Пятую симфонию Бетховена она слыхала много раз и знала ее хорошо. Но никогда повелительный ритм первой части не захватывал ее так своей непрерывностью. В этой требовательной музыке не оставалось ни одной лазейки для посторонних мыслей. Побочная партия, которая, по сонатному закону, должна отличаться от главной и дать слушающим хоть какую-то передышку, не отпускала Машу. Мелодия оставалась в том же ритме и была еще повелительнее — из-за мажорного строя.
Как будто неведомая сила подхватила Машу и заставила взбираться на огромную высоту. Чем выше, тем легче дышать, но каждый шаг труден, и можно в любую минуту сорваться. Так и будет, если не отбросишь постороннее, то есть то, что еще совсем недавно было самым жгучим, самым главным в жизни. Еще шаг вверх, еще, еще… Со всех сторон, зажатая ритмом симфонии, как ледяными скалами, она шагала все выше, не оступаясь и не останавливаясь.

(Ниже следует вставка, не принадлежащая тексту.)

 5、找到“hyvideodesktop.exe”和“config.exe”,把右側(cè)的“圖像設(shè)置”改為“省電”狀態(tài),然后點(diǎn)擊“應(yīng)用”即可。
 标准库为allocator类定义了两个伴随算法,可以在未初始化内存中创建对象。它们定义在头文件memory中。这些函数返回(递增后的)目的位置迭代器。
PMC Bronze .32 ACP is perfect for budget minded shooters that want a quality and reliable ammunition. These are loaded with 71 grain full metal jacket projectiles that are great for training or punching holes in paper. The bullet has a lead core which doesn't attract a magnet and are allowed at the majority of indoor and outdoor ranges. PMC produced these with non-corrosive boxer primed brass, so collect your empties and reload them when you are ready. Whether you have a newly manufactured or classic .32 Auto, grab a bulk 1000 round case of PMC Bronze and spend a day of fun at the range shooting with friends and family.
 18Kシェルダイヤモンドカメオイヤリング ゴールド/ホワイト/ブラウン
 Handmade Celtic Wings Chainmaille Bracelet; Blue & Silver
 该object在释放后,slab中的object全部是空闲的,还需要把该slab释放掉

…Слушая вторую часть и наслаждаясь ее органной звучностью, Маша чувствовала себя в безопасности. Она дышала глубоко и редко. Здесь уже можно было остановиться, главный путь пройден. Ее «цветной» слух чутко улавливал окраски тональности. Звук трубы полыхал, словно красное знамя на ветру.
«Где они? — подумалось ей в середине части. — Там внизу. Едва видны…»

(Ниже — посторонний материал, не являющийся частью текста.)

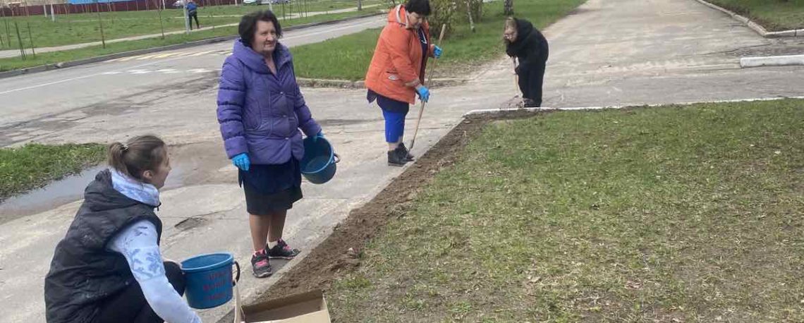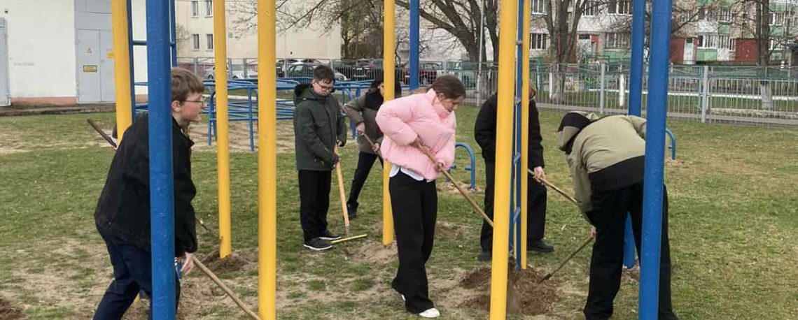Учащиеся дружно вышли на школьный двор, чтобы навести порядок на спортивной площадке, клумбах, в саду.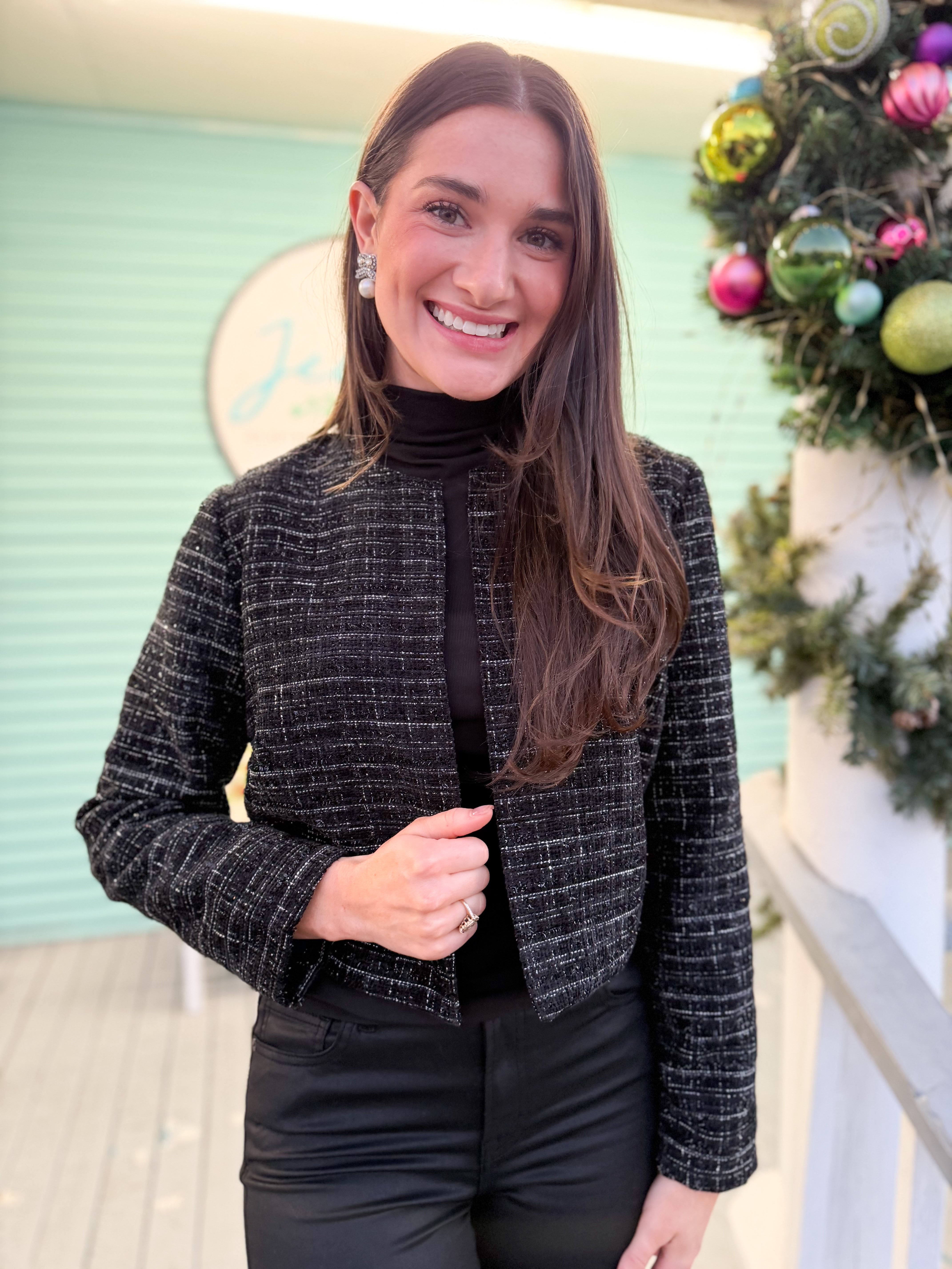 Elevate your wardrobe with this black tweed open-front crop jacket—a timeless, chic statement piece that instantly pulls any outfit together. The structured tweed texture gives it that classic, high-end look, while the cropped silhouette keeps it modern and flattering. Perfect for layering over tanks, blouses, dresses, or even graphic tees for a stylish twist.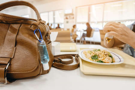 Mini alcohol gel bottle to kill Corona Virus(Covid-19) hang on a brown leather shoulder bag with hot coffee on table in cafe.New normal lifestyle.Health care concept.Selective focus on alcohol gel
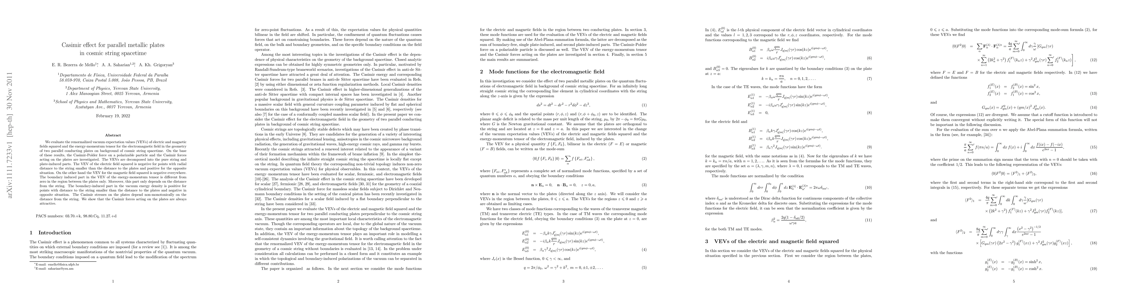 This paper investigates the Casimir effect in cosmic string spacetime between two parallel metallic plates, finding that the vacuum expectation values of electric and magnetic fields differ based on their distance to the cosmic string. The Casimir forces on the plates are always attractive and depend non-monotonically on the string's distance.

Глубокий голос позвал ее издалека. На этот раз он был полон доброты. Человек, много страдавший, бывает так добр. И что значило в сравнении с этим ее полудетское отчаяние?
— Здорово, правда? — воскликнул ее сосед, когда анданте кончилось. — А вам спасибо.

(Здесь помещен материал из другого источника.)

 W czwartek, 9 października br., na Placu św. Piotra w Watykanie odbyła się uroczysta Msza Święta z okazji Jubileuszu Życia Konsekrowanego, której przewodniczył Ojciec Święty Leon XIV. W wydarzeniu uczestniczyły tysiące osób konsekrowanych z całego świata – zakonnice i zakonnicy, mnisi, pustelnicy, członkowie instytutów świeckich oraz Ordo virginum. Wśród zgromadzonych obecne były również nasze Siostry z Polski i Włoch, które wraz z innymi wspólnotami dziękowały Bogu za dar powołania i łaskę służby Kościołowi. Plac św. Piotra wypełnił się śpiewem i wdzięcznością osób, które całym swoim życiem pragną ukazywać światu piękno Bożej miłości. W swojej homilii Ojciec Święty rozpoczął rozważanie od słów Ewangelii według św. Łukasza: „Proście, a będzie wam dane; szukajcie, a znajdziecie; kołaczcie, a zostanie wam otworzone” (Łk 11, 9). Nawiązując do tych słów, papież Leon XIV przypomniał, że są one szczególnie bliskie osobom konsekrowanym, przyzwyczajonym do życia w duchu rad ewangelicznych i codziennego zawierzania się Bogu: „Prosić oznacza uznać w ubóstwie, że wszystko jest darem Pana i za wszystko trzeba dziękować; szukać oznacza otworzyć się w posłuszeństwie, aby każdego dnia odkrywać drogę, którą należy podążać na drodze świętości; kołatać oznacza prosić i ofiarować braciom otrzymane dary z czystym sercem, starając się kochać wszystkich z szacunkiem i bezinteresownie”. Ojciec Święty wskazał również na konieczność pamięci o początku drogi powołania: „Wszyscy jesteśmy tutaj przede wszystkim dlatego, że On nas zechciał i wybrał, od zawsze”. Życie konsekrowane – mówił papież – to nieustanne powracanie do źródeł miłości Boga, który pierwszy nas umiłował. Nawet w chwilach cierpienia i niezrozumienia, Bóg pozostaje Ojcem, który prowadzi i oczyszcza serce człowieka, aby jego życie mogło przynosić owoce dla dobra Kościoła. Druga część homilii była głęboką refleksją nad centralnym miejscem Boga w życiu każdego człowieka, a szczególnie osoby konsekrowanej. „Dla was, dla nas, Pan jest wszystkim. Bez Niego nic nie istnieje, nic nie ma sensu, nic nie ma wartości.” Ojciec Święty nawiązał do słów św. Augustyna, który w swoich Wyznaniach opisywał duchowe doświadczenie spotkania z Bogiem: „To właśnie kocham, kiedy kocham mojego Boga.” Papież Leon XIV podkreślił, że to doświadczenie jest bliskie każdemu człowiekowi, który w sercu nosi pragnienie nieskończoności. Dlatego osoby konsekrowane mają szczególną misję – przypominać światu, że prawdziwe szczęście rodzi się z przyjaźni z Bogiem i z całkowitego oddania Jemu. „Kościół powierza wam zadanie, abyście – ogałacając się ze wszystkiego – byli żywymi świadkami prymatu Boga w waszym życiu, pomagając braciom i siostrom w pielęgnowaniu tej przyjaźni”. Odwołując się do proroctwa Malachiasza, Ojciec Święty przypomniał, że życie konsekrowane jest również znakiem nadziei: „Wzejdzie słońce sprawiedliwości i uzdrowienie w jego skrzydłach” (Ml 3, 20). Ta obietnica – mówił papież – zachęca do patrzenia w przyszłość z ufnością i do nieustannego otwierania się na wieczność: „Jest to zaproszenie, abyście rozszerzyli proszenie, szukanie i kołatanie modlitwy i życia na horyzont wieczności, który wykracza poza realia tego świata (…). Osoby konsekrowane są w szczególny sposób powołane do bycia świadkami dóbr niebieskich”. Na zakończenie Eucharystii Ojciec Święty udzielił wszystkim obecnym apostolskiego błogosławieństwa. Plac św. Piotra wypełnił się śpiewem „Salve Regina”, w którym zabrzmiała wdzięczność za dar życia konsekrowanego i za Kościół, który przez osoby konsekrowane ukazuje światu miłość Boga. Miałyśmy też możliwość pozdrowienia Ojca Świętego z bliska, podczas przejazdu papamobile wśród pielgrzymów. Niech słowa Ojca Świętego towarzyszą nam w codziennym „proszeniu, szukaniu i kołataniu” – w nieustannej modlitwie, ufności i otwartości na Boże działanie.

Это был тот паренек, которому она помогла пройти в зал.
Анданте кончилось, но затем надо было опять подниматься вверх на гору. В скерцо повторился ритм первой части. Но этому нельзя было доверять: нога скользит, снег тает, сами льдины ненадежны. Мелодия постепенно теряет свои очертания, ее словно угнетает размер, в который она заключена. Дважды сменяет ее какая-то сатанинская пляска. И опять первая до-минорная мелодия возвращается… Но она долго топчется на месте, потом стремительно вливается в финал, как бурливый ручей — в огромное море.
Тут Маша очнулась. Должно быть, финал исполняли хуже, чем другие части: слишком громко, слишком медно. Маша уже различала зал, и лохматого, самозабвенно аплодирующего соседа, и дирижера, который почему-то становился на цыпочки.
«Что-то неприятное ждет меня, — думала она. — Ах, да…»
Двери в зале открылись настежь, Маша пошла к выходу.
Внизу ждал Коля. Густая толпа стояла на лестнице и разделяла их.
Нина в стороне надевала ботики, а Андрей, уже одетый, разговаривал с Колей.
— Ты думаешь, она ушла? — спросил Андрей.
— Вероятно, ушла. Ни с того ни с сего.
— Что-то мы с тобой редко видимся, — сказал Андрей после молчания.
— Да… — сказал Коля. — А знаешь, меня удивляет, как это у Бетховена при его ужасающем одиночестве сохранился такой бодрый дух.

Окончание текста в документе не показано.